= EXERCISE AIM =
Copy out the lines beginning with the one that contains "- Made from" and ending with the last line below, exactly as they stand. Pictures are not copied.

= COLLECTED DATA =
-- Opening Marker --
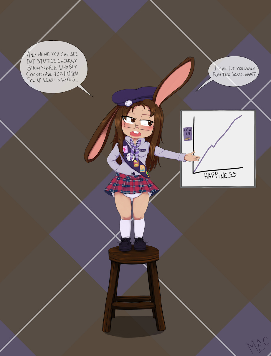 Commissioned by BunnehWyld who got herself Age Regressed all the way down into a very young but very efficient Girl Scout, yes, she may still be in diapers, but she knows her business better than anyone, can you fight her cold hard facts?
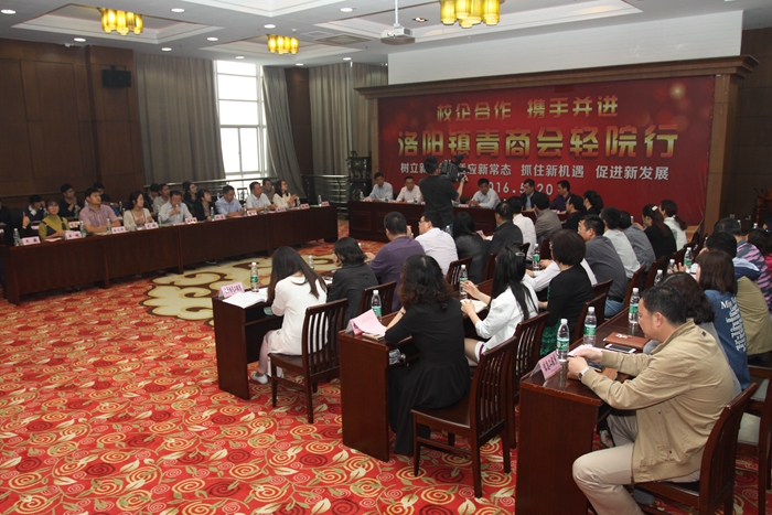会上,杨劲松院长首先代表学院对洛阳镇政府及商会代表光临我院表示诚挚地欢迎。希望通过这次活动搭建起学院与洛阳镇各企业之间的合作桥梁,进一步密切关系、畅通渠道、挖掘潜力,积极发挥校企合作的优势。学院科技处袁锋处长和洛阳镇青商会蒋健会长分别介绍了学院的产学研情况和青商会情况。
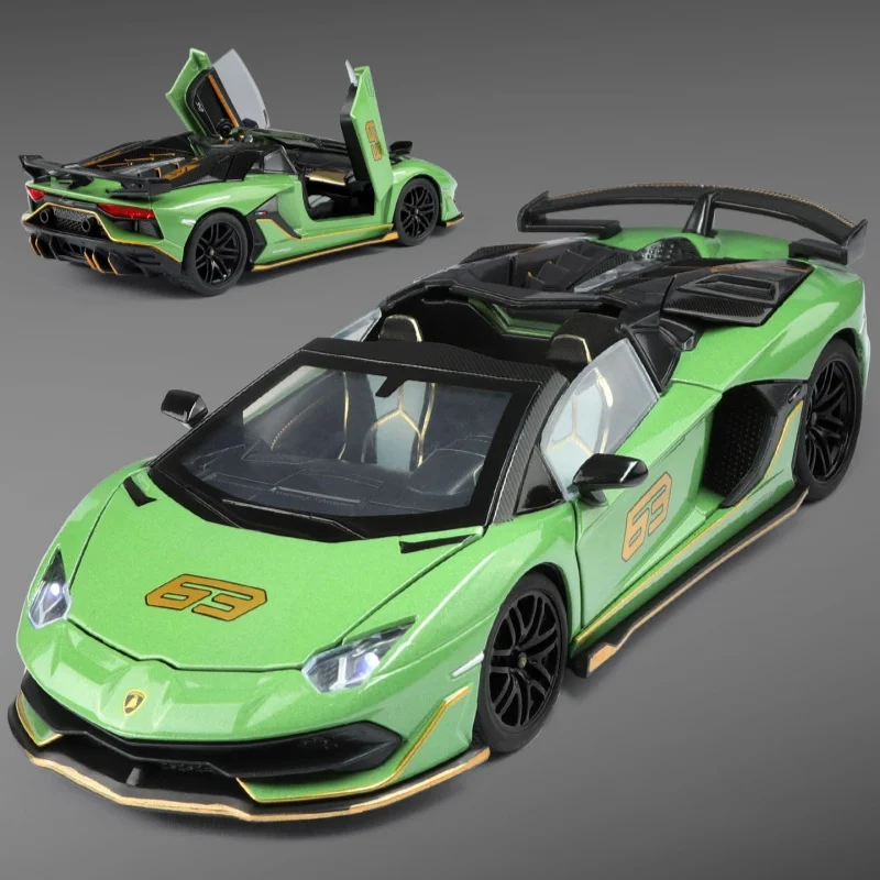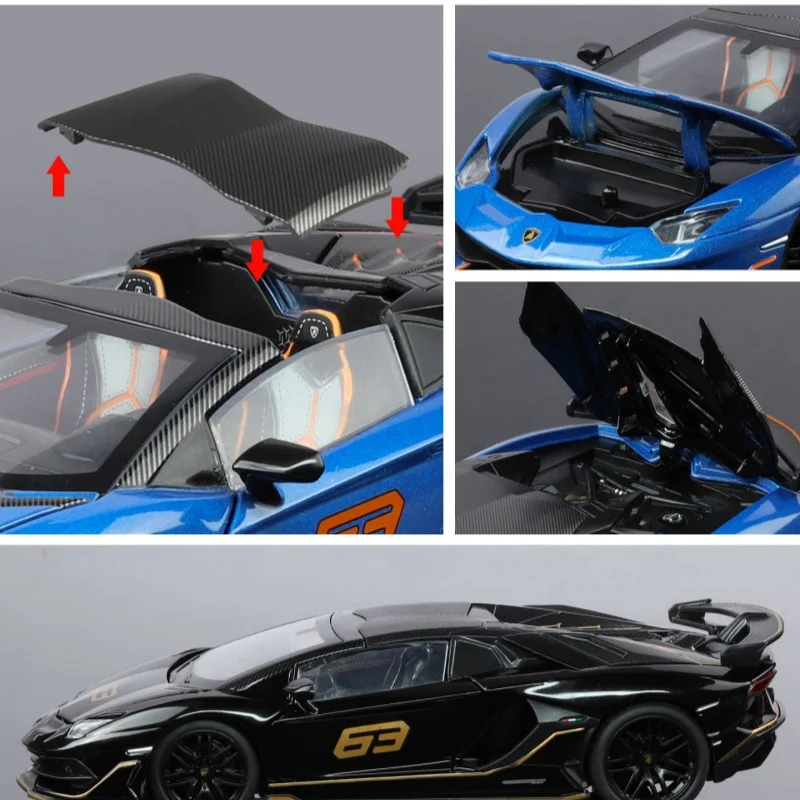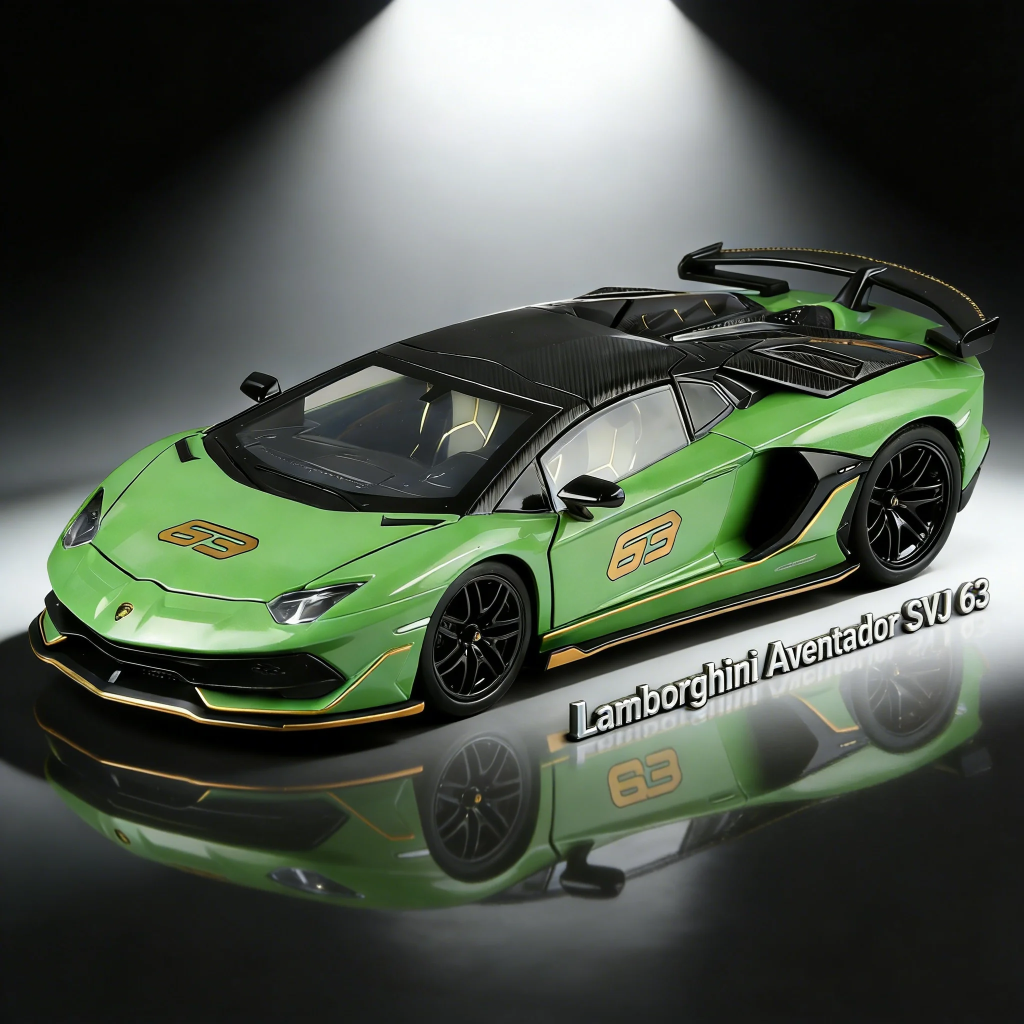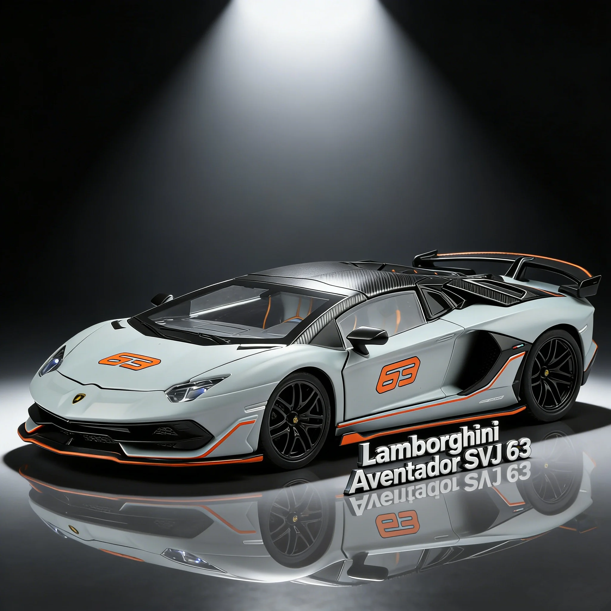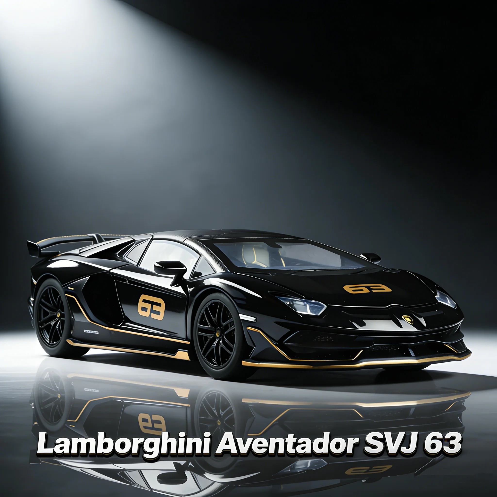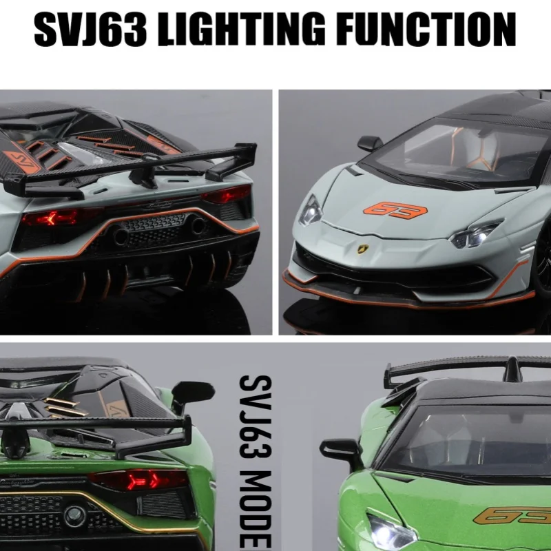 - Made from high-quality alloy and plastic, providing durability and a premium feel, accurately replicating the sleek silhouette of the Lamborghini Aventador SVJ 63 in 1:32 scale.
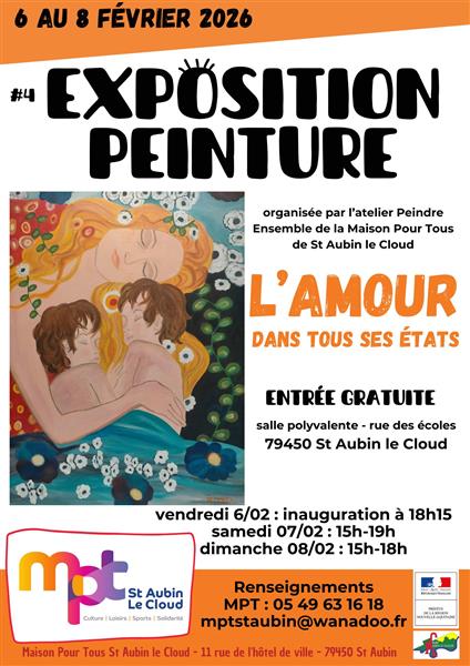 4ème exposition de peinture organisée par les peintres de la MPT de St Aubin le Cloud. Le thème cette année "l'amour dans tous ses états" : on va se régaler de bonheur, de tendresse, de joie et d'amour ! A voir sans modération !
-- Closing Marker --
= TASK OUTPUT =
 - Made from high-quality alloy and plastic, providing durability and a premium feel, accurately replicating the sleek silhouette of the Lamborghini Aventador SVJ 63 in 1:32 scale.
 4ème exposition de peinture organisée par les peintres de la MPT de St Aubin le Cloud. Le thème cette année "l'amour dans tous ses états" : on va se régaler de bonheur, de tendresse, de joie et d'amour ! A voir sans modération !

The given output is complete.